None of the Python dependencies are strongly versioned, and “something” happened to the CUDA compatibility of one of them about a month ago. The original developers “got lucky” but now nobody else can compile this stuff.

After years of using only C# and Rust, both of which have sane package managers with semantic versioning, lock files, reproducible builds, and even SHA checksums the Python package ecosystem looks ridiculously immature and even childish.

Seriously, can anyone here build a docker image for running these models on CUDA? I think right now it’s borderline impossible, but I’d be happy to be corrected…

There is a lot that can be improved with python packaging, but calling it "childish" is itself a pretty immature comment.

Is it?

Literally every example I've seen so far is completely unversioned and mere weeks after being written simply doesn't work as a direct consequence.

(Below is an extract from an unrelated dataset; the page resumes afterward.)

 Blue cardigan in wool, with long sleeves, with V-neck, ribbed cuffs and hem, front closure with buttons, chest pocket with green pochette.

E.g: https://github.com/oobabooga/text-generation-webui/blob/ee68...

Take this line:

    pip3 install torch torchvision torchaudio
Which version of torch is this? The latest.

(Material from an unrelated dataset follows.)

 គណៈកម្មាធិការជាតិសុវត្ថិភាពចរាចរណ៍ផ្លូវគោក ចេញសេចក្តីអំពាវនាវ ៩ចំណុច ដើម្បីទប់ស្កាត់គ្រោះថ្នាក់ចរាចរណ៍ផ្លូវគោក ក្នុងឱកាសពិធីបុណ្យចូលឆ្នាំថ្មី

    FROM nvidia/cuda:11.8.0-runtime-ubuntu22.04
Which version of CUDA is this? An incompatible one, apparently. Game over.

Check out "requirements.txt":

    accelerate==0.18.0
    colorama
    datasets
    flexgen==0.1.7
    gradio==3.25.0
    markdown
    numpy
    pandas
    Pillow>=9.5.0
    pyyaml
    requests
    rwkv==0.7.3
    safetensors==0.3.0
    sentencepiece
    tqdm
Wow. Less than half of those have any version specified. The rest? "Meh, I don't care, whatever."

Then this beauty:

    git+https://github.com/huggingface/peft
I love reaching out to the Internet in the middle of a build pipeline to pull the latest commit of a random repo, because that's so nice and safe, scalable, and cacheable in an artefact repository!

The NPM ecosystem gets regularly excoriated for the exact same mistakes, which by now are so well known, so often warned against, so often exploited, so regularly broken that it's getting boring.

It's like SQL injection. If you're still doing it in 2023, if your site is still getting hacked because of it, then you absolutely deserve to be labelled immature and even childish.